Dataset –
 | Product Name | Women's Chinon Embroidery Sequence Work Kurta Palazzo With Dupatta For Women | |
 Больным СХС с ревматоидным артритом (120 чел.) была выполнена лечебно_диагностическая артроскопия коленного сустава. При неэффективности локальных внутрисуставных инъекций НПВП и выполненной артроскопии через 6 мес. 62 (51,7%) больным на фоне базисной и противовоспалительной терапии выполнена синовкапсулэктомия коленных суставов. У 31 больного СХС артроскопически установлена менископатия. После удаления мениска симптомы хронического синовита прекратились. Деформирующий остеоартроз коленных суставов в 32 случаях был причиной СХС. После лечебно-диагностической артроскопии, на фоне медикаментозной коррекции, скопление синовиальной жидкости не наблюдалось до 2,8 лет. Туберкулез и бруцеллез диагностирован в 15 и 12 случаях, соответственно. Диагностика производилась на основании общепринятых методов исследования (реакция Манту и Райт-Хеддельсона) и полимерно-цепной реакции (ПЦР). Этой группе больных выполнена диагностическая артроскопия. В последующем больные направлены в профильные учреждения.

...

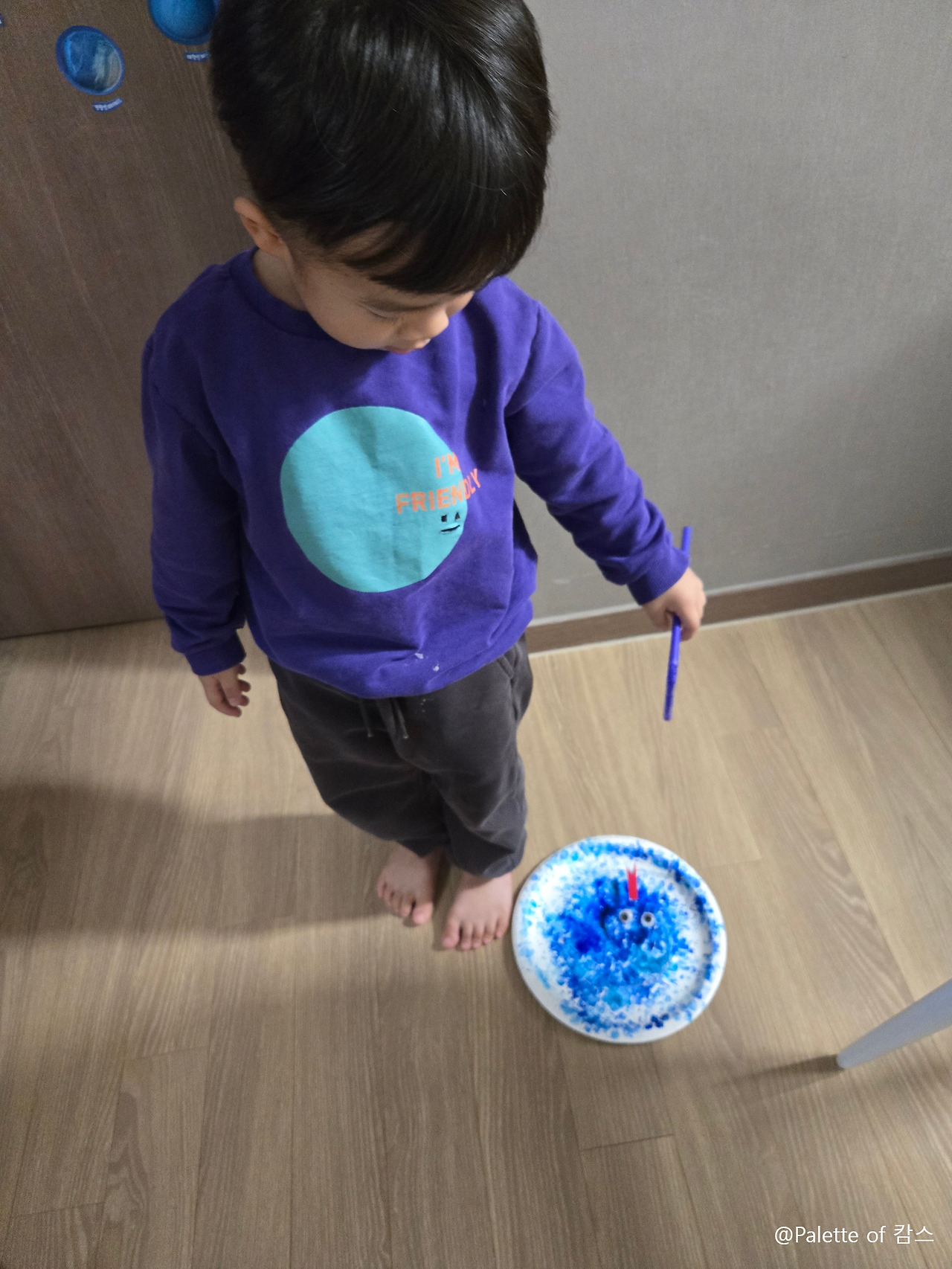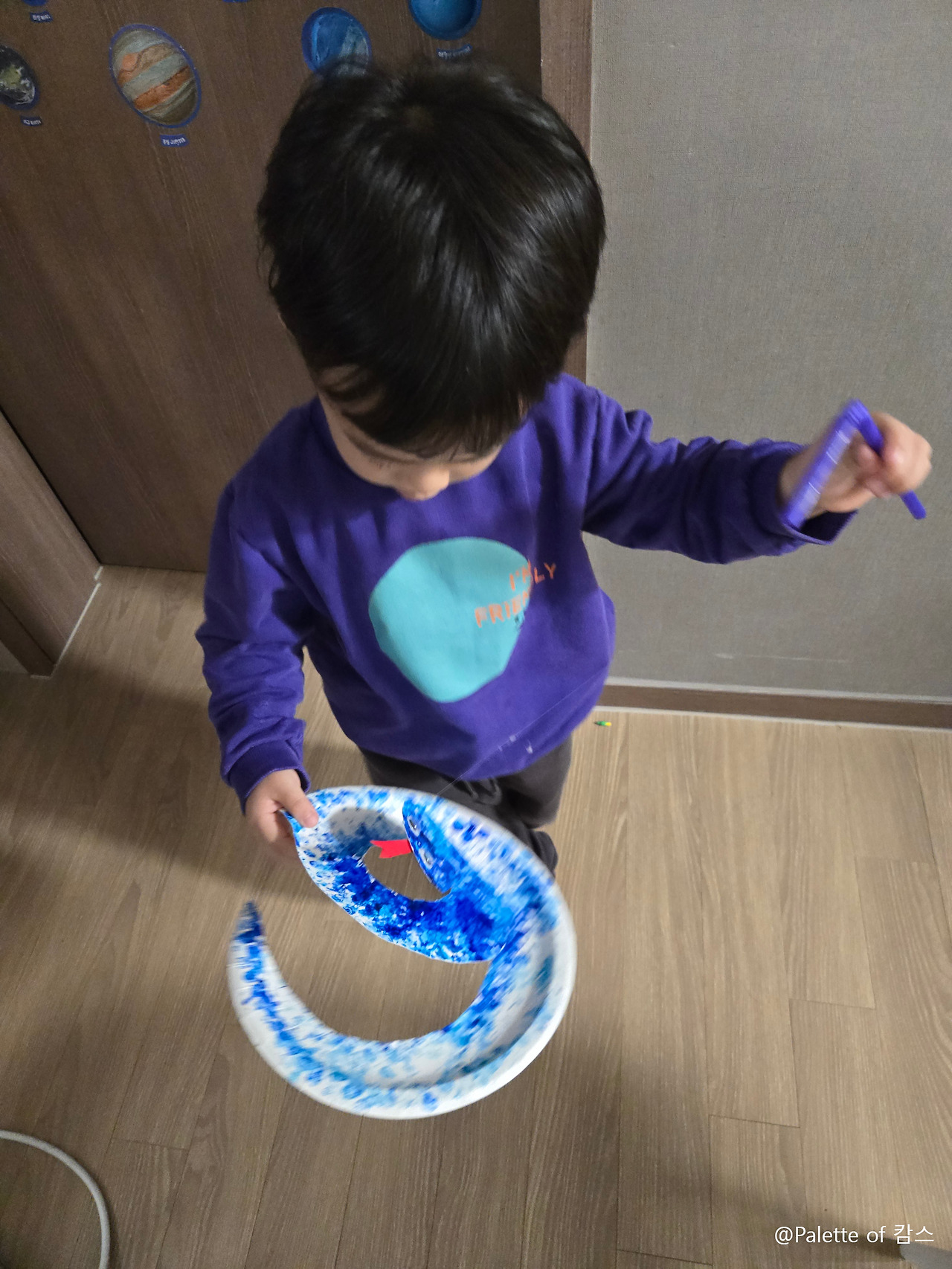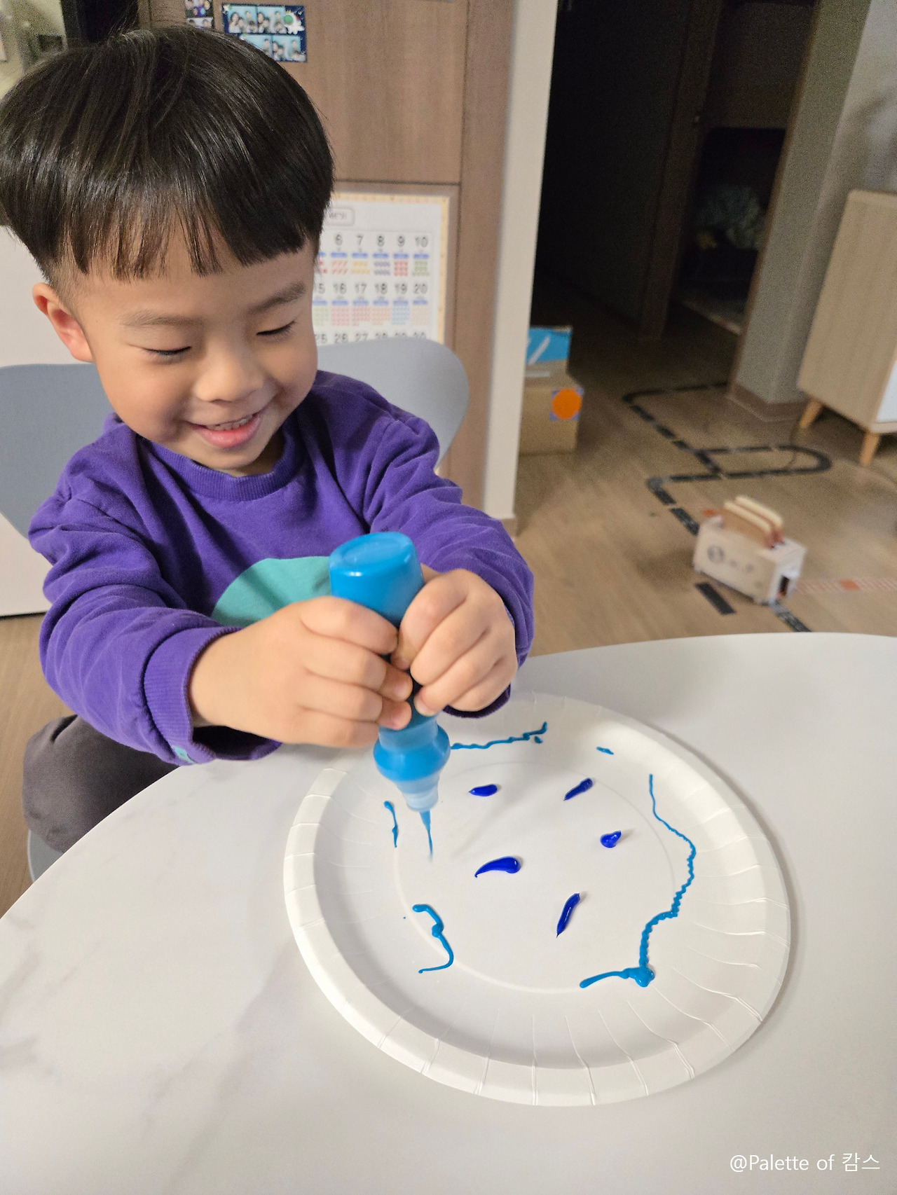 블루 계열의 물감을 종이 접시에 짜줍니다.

---

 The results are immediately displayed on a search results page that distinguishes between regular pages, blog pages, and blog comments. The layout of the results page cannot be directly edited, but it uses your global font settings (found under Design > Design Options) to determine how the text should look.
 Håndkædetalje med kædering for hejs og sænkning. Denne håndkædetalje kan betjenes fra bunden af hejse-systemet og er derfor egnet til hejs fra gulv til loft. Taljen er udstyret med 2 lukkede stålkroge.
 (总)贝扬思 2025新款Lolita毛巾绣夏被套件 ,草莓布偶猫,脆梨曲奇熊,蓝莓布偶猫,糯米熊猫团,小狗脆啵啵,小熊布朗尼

Problem to work on – Output should match, line for line, the stretch of the material above from the line holding "Håndkædetalje med kædering" through the line holding "(总)贝扬思 2025新款Lolita毛巾绣夏被套件 ,草莓布偶猫,脆梨曲奇熊,蓝莓布偶猫,糯米熊猫团,小狗脆啵啵,小熊布朗尼".

Exercise solution –
 Håndkædetalje med kædering for hejs og sænkning. Denne håndkædetalje kan betjenes fra bunden af hejse-systemet og er derfor egnet til hejs fra gulv til loft. Taljen er udstyret med 2 lukkede stålkroge.
 (总)贝扬思 2025新款Lolita毛巾绣夏被套件 ,草莓布偶猫,脆梨曲奇熊,蓝莓布偶猫,糯米熊猫团,小狗脆啵啵,小熊布朗尼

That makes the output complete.